Browse our Products

Latest Release

This article contains a summary of recent changes, enhancements and bug fixes in Aspose.OCR for Python via Java 25.2.0 (February 2025) release.

What was changed

Key	Summary	Category
OCRPY‑85	Recognition results can now be saved in hOCR format.	New feature
OCRPY‑85	Added support for recognizing Mongolian texts.	New feature
OCRPY‑85	Added support for recognizing mixed-language Telugu/English texts.	New feature
OCRPY‑85	Added support for recognizing mixed-language Tamil/English texts.	New feature
OCRPY‑85	Added support for recognizing mixed-language Kannada/English texts.	New feature
OCRPY‑85	Added universal recognition of Indic texts based on Devanagari script, including mixed Devanagari/English texts.	Enhancement
OCRPY‑85	Added support for recognizing mixed-language Korean/English texts.	New feature
OCRPY‑85	Added support for recognizing mixed-language Japanese/English texts.	New feature
OCRPY‑85	Added support for recognizing mixed-language Chinese/English texts.	New feature
OCRPY‑85	Added a method to release memory by unloading unneeded OCR modules.	New feature
OCRPY‑85	Added a container class for storing recognition results.	New feature
OCRPY‑85	Optimized searchable PDFs to fully preserve the original image quality and maintain the file size. Note: This improvement applies only when both the source and target files are in PDF format.	New feature
OCRPY‑85	Removed deprecated APIs to improve code readability and performance.	Enhancement

Public API changes and backwards compatibility

This section lists all public API changes introduced in Aspose.OCR for Python via Java 25.2.0 that may affect the code of existing applications.

Added public APIs:

The following public APIs have been introduced in 25.2.0 release:

`Format.HOCR`

Instructs Aspose.OCR library to save the recognition results in hOCR format - an open standard of data representation for formatted text obtained from OCR. It includes extracted text, style, layout, and other information.

`OcrOutput` class

A container class that stores recognition results, which is returned from all recognition methods instead of a collection of recognition results.

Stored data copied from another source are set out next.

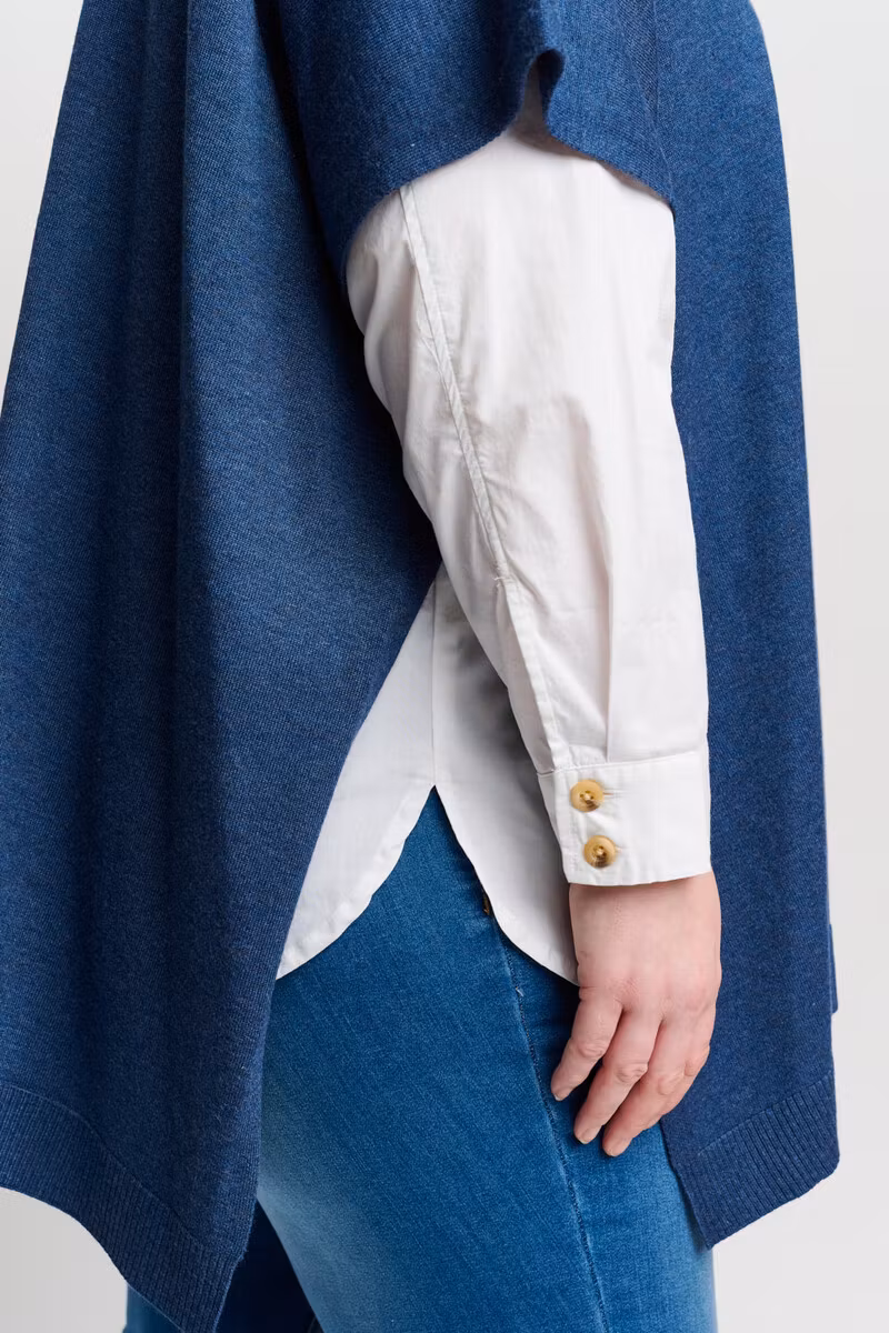 Mörkblå melange poncho med ribbad mjuk rund krage, ribbad nederkant. Underbar luftig och mjuk kvalitet som faller fint! Praktiskt användbar plagg och ett måste i garderoben!
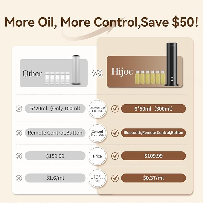 - 【Waterless Cold Air Diffusion for Pure Fragrance】Innovative cold-air technology converts essential oils into nano mist without water dilution, preserving the natural scent of oils. No need for frequent water refills—just add pure essential oils for a cleaner, longer-lasting aroma that fills your space.
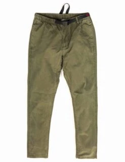 These Gramicci Japan NN Pants in Olive are made of stretch cotton twill and designed for whatever your day throws at you whether that’s climbing a mountain, walking or general day-to-day wear. Pre-washed to give a softer, vintage feel these are low rise and slim fit and complete with two side and two rear pockets and the webbed integrated Gramicci banded belt and buckle.

It is fully backward compatible with the previously used collection of RecognitionResult objects, which means you do not have to update your existing code.

`Resources.release_memory()`

Unload all OCR modules to free up memory. The downloaded module files will remain stored on your system.

If you need to use the OCR module again later, it will automatically reload into memory. Please note that the first recognition attempt may be slightly slower due to the reloading process.

`save_multipage_pdf_optimized()`

This method allows to balance between file size and image quality of saved PDFs, using the optional optimizePdf parameter, which accepts the value of PdfOptimizationMode enumeration.

Name	Value	Description
`NONE`	0	Do not optimize PDF size.
`MAXIMUM_QUALITY`	1	Default. Optimize file size while preserving the highest image quality.
`HIGH_QUALITY`	2	Smaller PDF file size at the expense of sight image downsampling.
`BALANCED`	3	Downsample images to balance file size and image quality.
`AGGRESSIVE`	4	Significantly reduce the PDF file size at the expense of lower image quality.

Updated public APIs:

The following public APIs have been changed in 25.2.0 release:

`Language` enumeration

Compatibility: fully backward compatible. See details below.

Aspose.OCR for Python via Java can now recognize a number of new languages, including texts in mixed scripts:

Value	Alphabet
`Language.KOR`	Mixed-language Korean/English texts.
`Language.JPN`	Mixed-language Japanese/English texts.
`Language.TAM`	Mixed-language Tamil/English texts.
`Language.TEL`	Mixed-language Telugu/English texts.
`Language.KAN`	Mixed-language Kannada/English texts.
`Language.EUROPEAN`	Mixed-language Cyrillic/English texts (experimental).
`Language.INDIC` `Language.DEVANAGARI`	Indic texts based on Devanagari script, including mixed Devanagari/English texts.
`Language.MON`	Mixed-language Mongolian/English texts.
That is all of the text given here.